Если мы сумеем отыскать ответ на этот — казалось бы чисто теоретический — вопрос, результат может оказаться вполне ощутимым и практическим: ослабнет ожесточенность вражды между двумя лагерями. Честно и бескорыстно мыслящие люди в обоих станах смогут лучше понять природу своих разногласий. Многим будет нелегко расстаться с удобным объяснением: \"мой противник — недалекий и корыстолюбивый идиот\". Но если это произойдет, мы волей-неволей должны будем по-новому вслушиваться в аргументы наших оппонентов. И тогда, быть может, обратим внимание на пугающую историческую закономерность: пока ученики Руссо спорят с последователями Монтескье, к власти прорывается Робеспьер со своей гильотиной; чем ожесточеннее ведутся дебаты между сторонниками Столыпина и сторонниками Милюкова в Российской Думе, тем вернее и те, и другие приближают свой конец в подвалах большевистского Чека; чем красноречивее немецкие либералы разоблачают правительство Веймарской республики в Германии 1920-х, тем прочнее делается трамплин, с которого Гитлер прыгнет в кресло диктатора.

Разгадка этой зловещей повторяемости таится, мне кажется, в том, что в аргументированных, артикулированных дебатах участие принимают только высоковольтные. Только им свойственна способность к абстрактному мышлению, способность — по выражению Аристотеля — \"предвидеть и предусматривать\". Интеллектуальное возвышение над средним уровнем обычно воспринимается нами как знак принадлежности к высоковольтному меньшинству.

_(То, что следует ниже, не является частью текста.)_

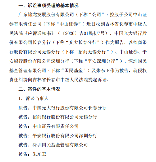 最近,中山证券收到一份法院通知:被光大银行长春分行告了。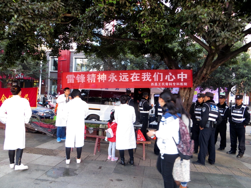 3月5日,由市文明办牵头,组织全市各级各类文明单位、文明行业和驻昌部队120多家单位及上百名青年志愿者在在月城广场开展了开展创建文明城市、法律、医护保健、理发等宣传、咨询、便民利民服务等活动,通过开展志愿服务,把爱心,化作暖流,奉献给社会,掀起了西昌市学雷锋志愿服务活动的热潮。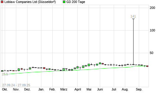 Mit dem Anstieg auf 32,80 EUR hat die Loblaw Companies-Aktie am 26.09.2025 die 200-Tage-Linie nach oben gekreuzt.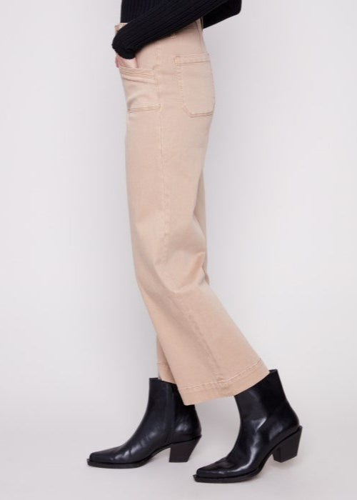 Cropped Wide Leg Colored Twill Pants with Rectangular Patch Pockets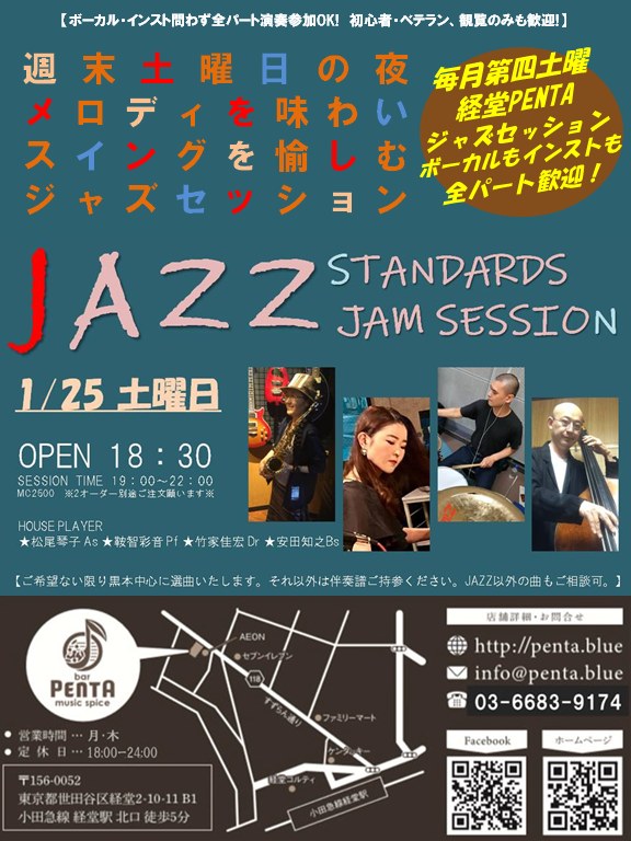 2025/1/25(土) 経堂Penta ジャズスタンダードジャムセッション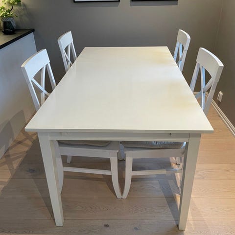 Bord og stoler selges billig - 145 cm langt, kan utvides med ileggsplater - 105 cm bredt
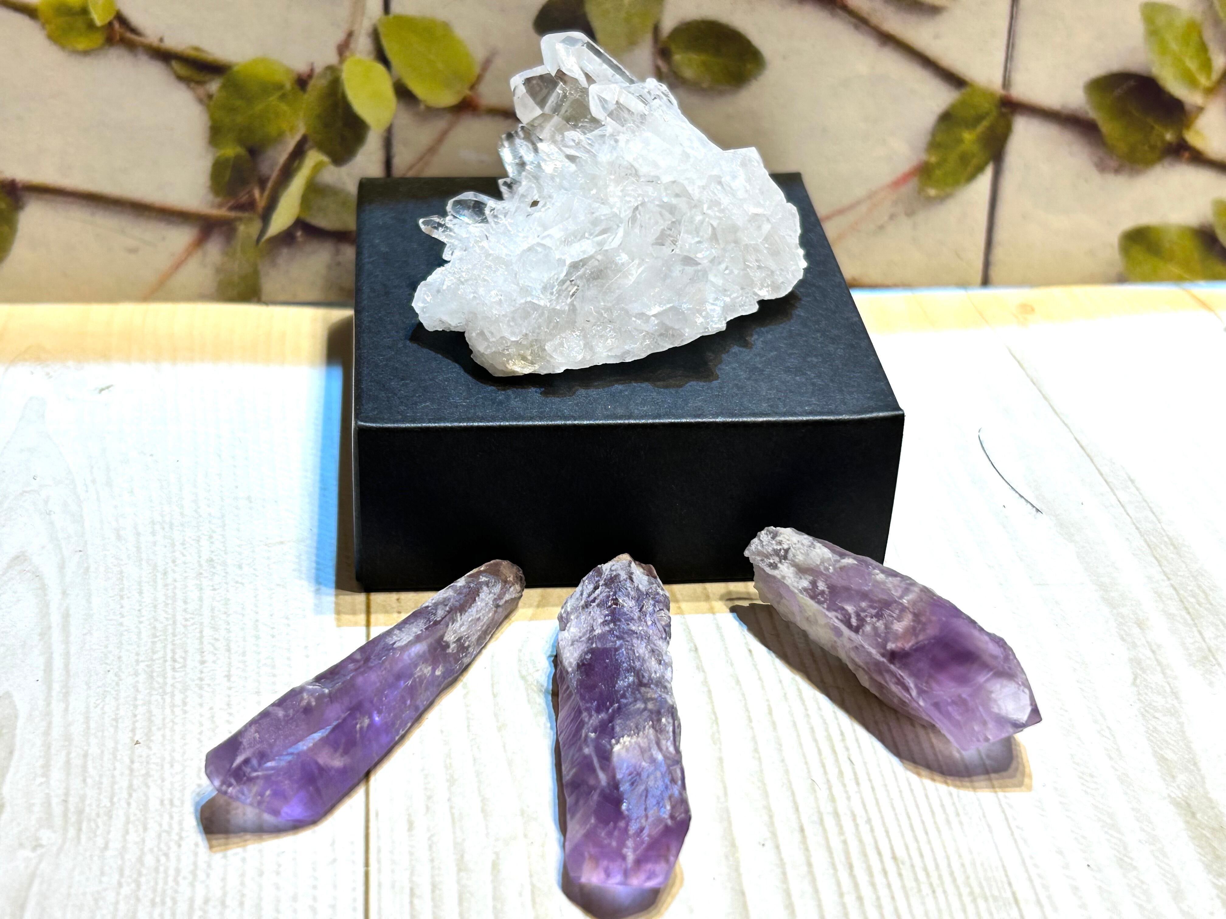 天然のトマス・ゴンザガ産水晶ミニクラスターとバイーア州で産出される美しいアメジストのセットです。

Однако, при всей остроте своего ума, при всей вооружённости знаниями, высоковольтный человек не в силах понять страстей, которыми часто обуреваем низковольтный. А Дантон, Сталин, Гитлер — понимают. Понимают — ибо они сами принадлежат к низковольтному большинству. И знают, что легче всего в нём раздуть вечно тлеющую, подозрительно-завистливую ненависть к высоковольтным.

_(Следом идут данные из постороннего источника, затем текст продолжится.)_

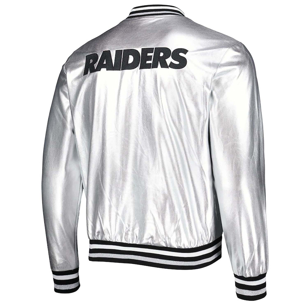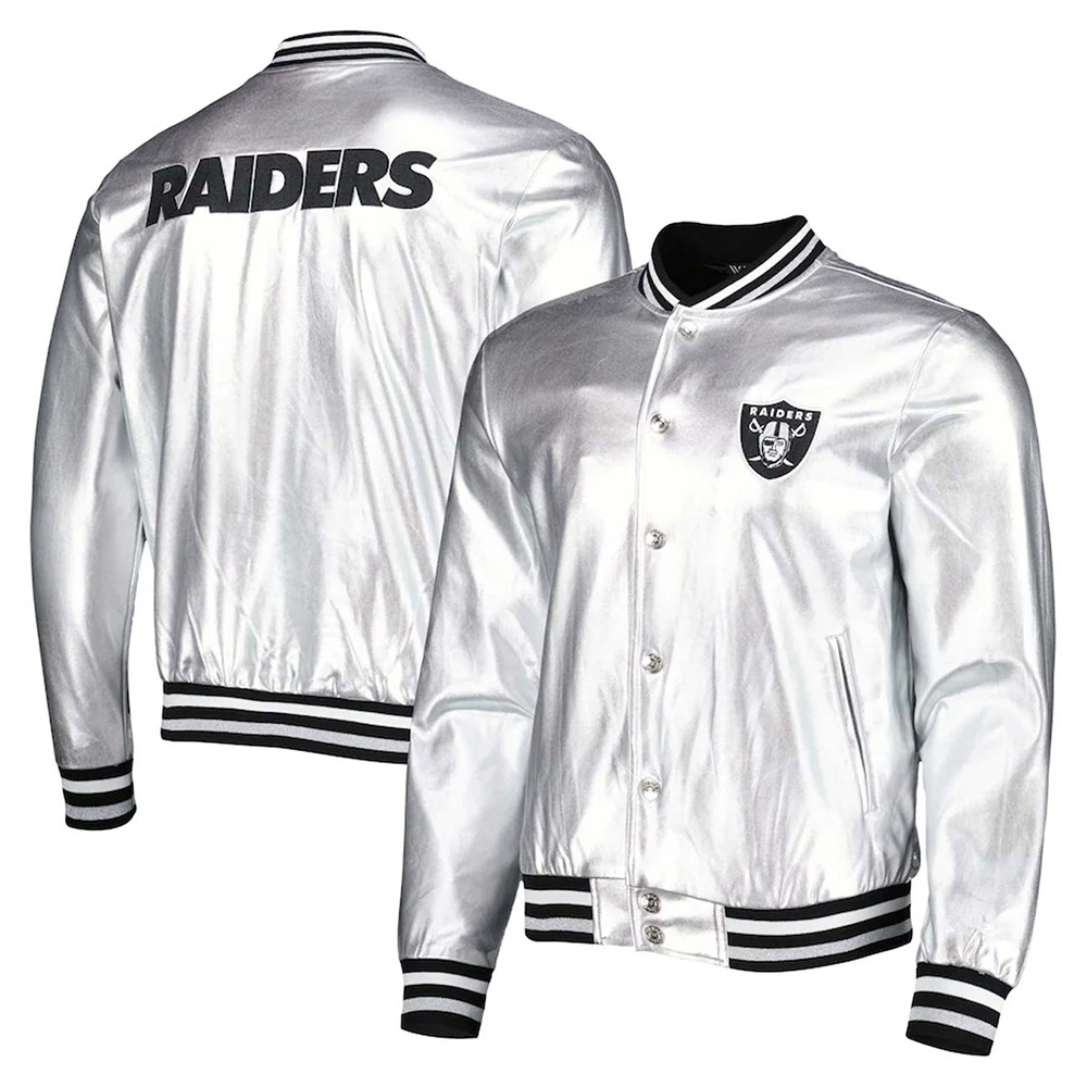 Las Vegas Raiders The Wild Collective Silver Metallic Leather Jacket
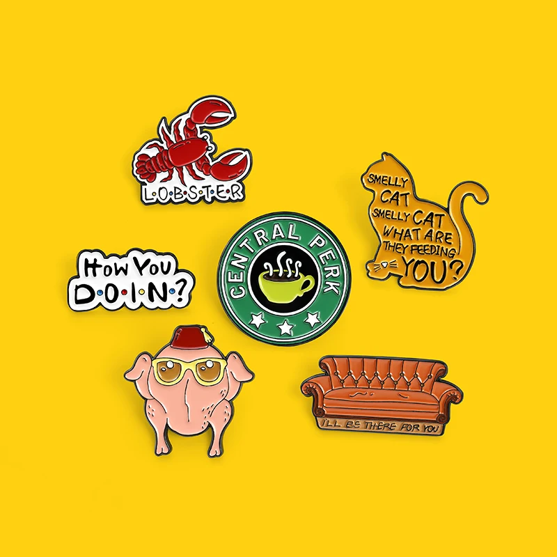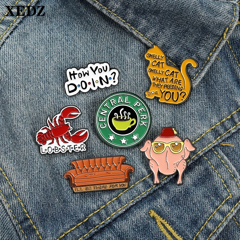 XEDZ модная эмалированная брошь с буквами, кошачьи раки, очки, курица, диван, зеленая круглая кофейная чашка, забавная булавка с отворотом, ювелирное изделие, подарок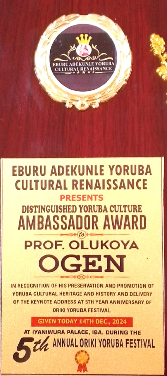 Photographs from the UNESCO-IFCD-UNIOSUN Project's collaboration with the Annual Oriki (Praise Poetry) Yoruba Festival on the 14th of December 2024. The event featured participants from several cultural groups across Yorubaland, over 40 traditional rulers and chiefs, and foreign visitors. Prof. Olukoya OGEN delivered the keynote and was decorated as "Distinguished Yoruba Cultural Ambassador." The event was streamed live with audiences in the US, Canada and the Caribbean.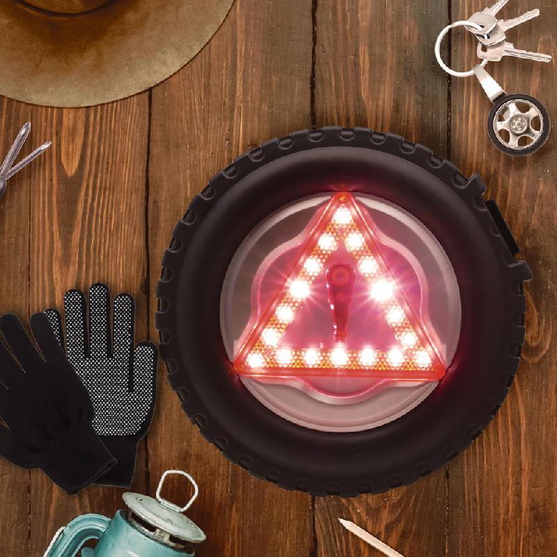 Set de herramientas en forma de llanta que contiene: Alicate, Mango de desarmador, Vástago o caña de desarmador, Medidas: 25 x 11 cm Material: Plástico y accesorios metálicos.
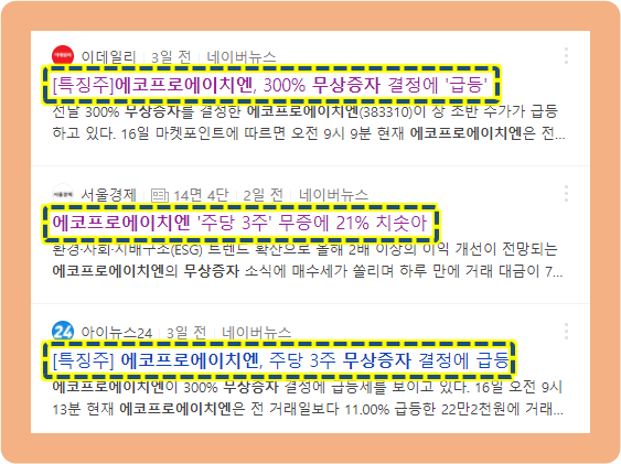 약 일주일 뒤인 2021년 7월 15일, 장 마감 후 공시를 통해 에코프로에이치엔이 보통주 1주당 신주 3주를 배정해주는 무상증자를 결정했다는 소식이 발표되었습니다.

Политические дебаты между людьми, искренне озабоченными судьбой своей страны, важны и полезны, но лишь до тех пор, пока мы сохраняем способность мгновенно прервать спор и встать плечом к плечу против оппонента, явившегося с такими \"аргументами\", как костер, топор, пуля, газовая камера. Американцы, конечно, могут сегодня не бояться, что к власти прорвется Луис Фаррахан, французы справедливо полагают, что Ла Пену никогда не добраться до президентского кресла. Но демократии молодые, незрелые гораздо более уязвимы для возврата единоличной диктатуры или партократии. Недавние победы коммунистов на выборах в странах бывшего коммунистического лагеря — яркое тому свидетельство.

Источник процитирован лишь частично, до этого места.